Texas received a four-seed in what appears to be a loaded West regional. But what exactly does that mean for the Longhorns' chances at a tournament run?

1) The NCAA Tournament Selection Committee didn't do Texas any favors. Not only were the Longhorns dropped to a No. 4 seed, but they were put in an absolutely brutal spot just to try and make the Sweet 16, much less a regional final. Sure, the Longhorns stuttered a bit down the stretch, losing three of their final four regular season games. But it appeared that Texas regained some of its lost touch in double-digit victories over Oklahoma and Texas A&M in the Big 12 Tournament, before succumbing to a red-hot and fired-up Kansas squad in the final. Still, the general feeling was that the Longhorns would get a two, potentially a three. Not a four.

2) Oakland is a tough first-round opponent. No, really. Remember when people fill out their brackets and start looking for upsets in the 5/12 and 4/13 games? The first thing they look for is a squad with a great record (Oakland enters the tournament at 25-9) with a track record of playing tough teams. Oakland played at West Virginia, at Purdue, at Illinois, at Ohio State and vs. Michigan State on a neutral court, while winning at Tennessee before breezing through Summit League competition with a 17-1 mark before winning the league tournament. Oakland also has a puncher's chance for two reasons. The first is an excellent offense ranked 13th in the country in adjusted efficiency and third in effective field goal percentage, while playing at the nation's seventh-fastest tempo. Secondly, Oakland boasts a future NBA post player in 6-foot-11 senior Keith Benson, one of the nation's premier shot-blockers. So the Longhorns better come ready to play, or it could be a quick trip.

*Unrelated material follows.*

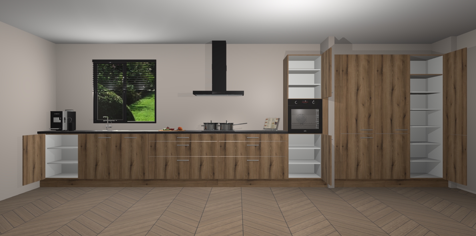 Dankzij de afwerking past de Goud Eiken keuken Angola naadloos in elk huis of appartement. De soft-close deuren geven je extra gemoedsrust, want ze sluiten vanzelf en slaan nooit dicht! En alsof dat nog niet genoeg is, worden deze kasten volledig gemonteerd geleverd, dus maak je geen zorgen over eventuele installatieproblemen.

3) Pray for Memphis. According to Ken Pomeroy, Arizona is the No. 25 team in the nation. Memphis is the No. 85. The Tigers aren't especially battle-tested, only playing one squad ranked in the KenPom top 25. They lost that game, an early-season showdown with Kansas, 81-68. Arizona played five such games, winning one of three against Washington (and sending another to overtime), putting a scare into Kansas and losing to Brigham Young. The Tigers' blossoming star is point guard Joe Jackson, who came on late in the season, but who — because of his small size — would likely get mangled by Dogus Balbay and Cory Joseph. The Wildcats' star player is scorer extraordinaire Derrick Williams. A projected top-five pick, Williams is a mobile 6-8, 240-pound force with a great driving game and a penchant for putting opposing big men in foul trouble. He's one of the nation's most efficient scorers (out of players who use at least 24 percent of their teams' possessions, his offensive rating is third nationally), who shoots an absurd 66.9 percent in effective field goal percentage, better than 60 percent from behind the arc, and gets to the free-throw line at a tremendous rate. In short, he's a rough matchup for anybody, much less the Longhorns, who wouldn't have anybody with his size, strength and skill level.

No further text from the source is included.